### THE TASK
Exactly the lines from the start of the entries through the line with "Advanced Co Q-10" are required in the output, with no pictures among them.
[Opening INPUT DATA section]
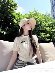 ミウ系先輩の透かし編みニット、元英風の小さなポロ襟デザイン、縦縞ジャカード半袖、アイスシルク素材で通気性があり快適です。
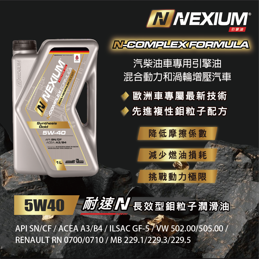 耐速N NEXIUM 長效型鉬粒子潤滑油 N-Complex Formula 5W40
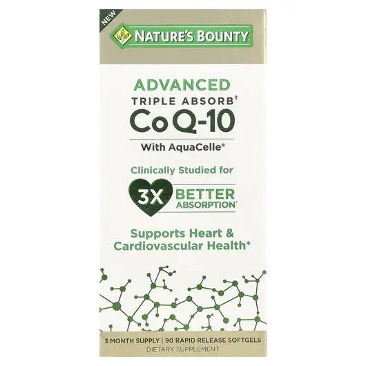 Advanced Co Q-10 для вашего сердца Наш Nature's Bounty Advanced Triple Absorb Co Q-10 отличается технологией AquaCelle, которая обеспечивает в 3 раза лучшее усвоение по сравнению со стандартным Co Q-10. Наша формула разработана для обеспечения оптимальной поддержки Co Q-10 для здоровья сердечно-сосудистой системы.
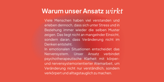 in der psychotherapeutischen Arbeit geht es um das Verstehen innerer Dynamiken, das Erkennen von Beziehungsmustern und die Einordnung psychischer Prozesse. Viele Menschen kommen mit viel Einsicht. Was oft fehlt, ist die leibliche Integration dieser Einsichten. Deshalb bleibt psychotherapeutische Arbeit bei uns nicht ausschließlich im Gespräch, sondern wird mit körperlicher Wahrnehmung und Regulation verbunden. Ziel ist nicht Optimierung oder Kontrolle, sondern Integration.
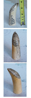 "THE WHALER" TOOTH SCRIMSHAWThis is a piece of bone (not sure what kind... maybe whale??) that has been carved to resemble a whale's tooth then handsomely scrimmed depicting a whaling ship and her dories on the hunt. If you look closely at the pointed end of the tooth you will note that another piece was cleverly laminated on to form the tooth design. The scrimshander "CP" signed and dated (1957) his work. This antique piece is very well done and exhibits extremely good detail.
[Closing INPUT DATA section]
### RESPONSE AREA
 ミウ系先輩の透かし編みニット、元英風の小さなポロ襟デザイン、縦縞ジャカード半袖、アイスシルク素材で通気性があり快適です。
 耐速N NEXIUM 長效型鉬粒子潤滑油 N-Complex Formula 5W40
 Advanced Co Q-10 для вашего сердца Наш Nature's Bounty Advanced Triple Absorb Co Q-10 отличается технологией AquaCelle, которая обеспечивает в 3 раза лучшее усвоение по сравнению со стандартным Co Q-10. Наша формула разработана для обеспечения оптимальной поддержки Co Q-10 для здоровья сердечно-сосудистой системы.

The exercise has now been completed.